About this exercise = The response should repeat word for word every line below from the one with "Merkblatt ATV-M 770." to the one with "Køkkenet er udstyret", inclusive, and nothing else; leave pictures out.

Records shown =
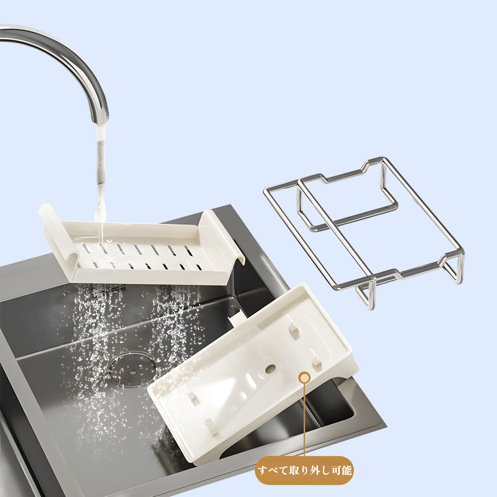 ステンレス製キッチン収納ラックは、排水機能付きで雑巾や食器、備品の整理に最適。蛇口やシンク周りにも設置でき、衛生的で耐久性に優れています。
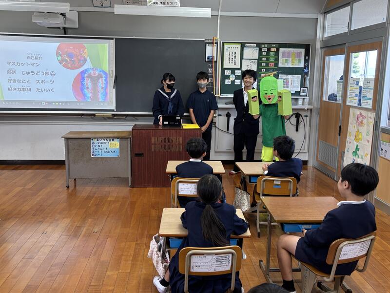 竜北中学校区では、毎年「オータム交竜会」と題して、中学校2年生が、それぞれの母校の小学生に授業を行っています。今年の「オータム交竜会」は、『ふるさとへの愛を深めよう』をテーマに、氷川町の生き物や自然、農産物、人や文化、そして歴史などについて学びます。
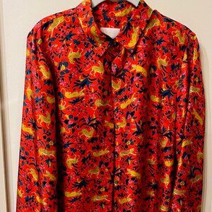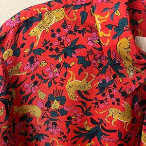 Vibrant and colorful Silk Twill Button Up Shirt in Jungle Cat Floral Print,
* * *
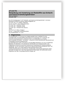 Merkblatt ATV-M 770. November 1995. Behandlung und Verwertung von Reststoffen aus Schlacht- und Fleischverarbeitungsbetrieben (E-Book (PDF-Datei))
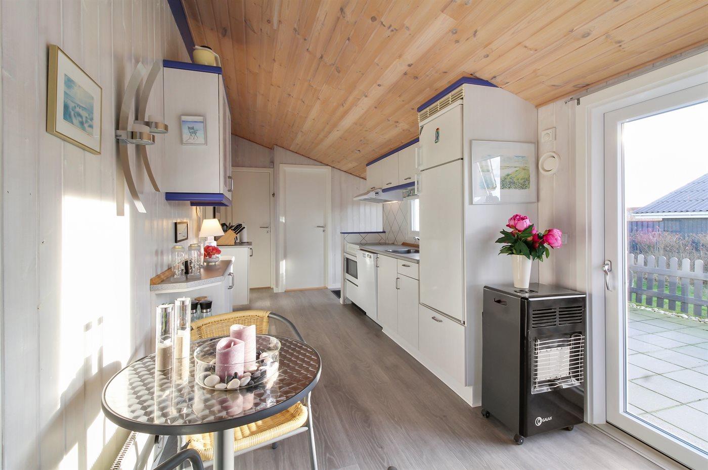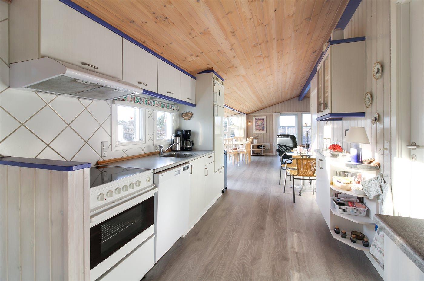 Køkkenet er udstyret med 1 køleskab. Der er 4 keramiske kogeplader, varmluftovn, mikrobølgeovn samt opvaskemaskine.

Task result =
 Merkblatt ATV-M 770. November 1995. Behandlung und Verwertung von Reststoffen aus Schlacht- und Fleischverarbeitungsbetrieben (E-Book (PDF-Datei))
 Køkkenet er udstyret med 1 køleskab. Der er 4 keramiske kogeplader, varmluftovn, mikrobølgeovn samt opvaskemaskine.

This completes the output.